Category Archives: Computer Vision

Interesting survey on heart-reat detection through conventional cameras

X. Chen, J. Cheng, R. Song, Y. Liu, R. Ward and Z. J. Wang, Video-Based Heart Rate Measurement: Recent Advances and Future Prospects. IEEE Transactions on Instrumentation and Measurement, vol. 68, no. 10, pp. 3600-3615, DOI: 10.1109/TIM.2018.2879706.

Heart rate (HR) estimation and monitoring is of great importance to determine a person’s physiological and mental status. Recently, it has been demonstrated that HR can be remotely retrieved from facial video-based photoplethysmographic signals captured using professional or consumer-level cameras. Many efforts have been made to improve the detection accuracy of this noncontact technique. This paper presents a timely, systematic survey on such video-based remote HR measurement approaches, with a focus on recent advancements that overcome dominating technical challenges arising from illumination variations and motion artifacts. Representative methods up to date are comparatively summarized with respect to their principles, pros, and cons under different conditions. Future prospects of this promising technique are discussed and potential research directions are described. We believe that such a remote HR measurement technique, taking advantages of unobtrusiveness while providing comfort and convenience, will be beneficial for many healthcare applications.

Learning multiple-factors metrics for measuring the similarity between objects

H. Ye, D. Zhan, Y. Jiang and Z. Zhou, What Makes Objects Similar: A Unified Multi-Metric Learning Approach, IEEE Transactions on Pattern Analysis and Machine Intelligence, vol. 41, no. 5, pp. 1257-1270, DOI: 10.1109/TPAMI.2018.2829192.

Linkages are essentially determined by similarity measures that may be derived from multiple perspectives.
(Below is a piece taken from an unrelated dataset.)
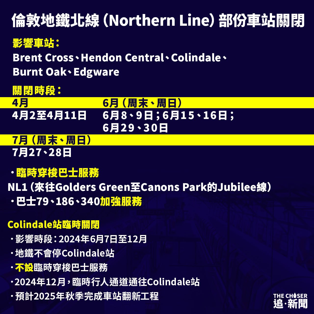 倫敦北線今日開始封5個地鐵站,為期10天,Colinedale站於6月7日將會封站近半年,究竟有何影響?請留意《追新聞》跟進報道。

For example, spatial linkages are usually generated based on localities of heterogeneous data. Semantic linkages, however, can come from even more properties, such as different physical meanings behind social relations. Many existing metric learning models focus on spatial linkages but leave the rich semantic factors unconsidered. We propose a Unified Multi-Metric Learning (Um$^2$2l) framework to exploit multiple types of metrics with respect to overdetermined similarities between linkages. In Um$^2$2l, types of combination operators are introduced for distance characterization from multiple perspectives, and thus can introduce flexibilities for representing and utilizing both spatial and semantic linkages. Besides, we propose a uniform solver for Um$^2$2l, and the theoretical analysis reflects the generalization ability of Um$^2$2l as well. Extensive experiments on diverse applications exhibit the superior classification performance and comprehensibility of Um$^2$2l. Visualization results also validate its ability to physical meanings discovery.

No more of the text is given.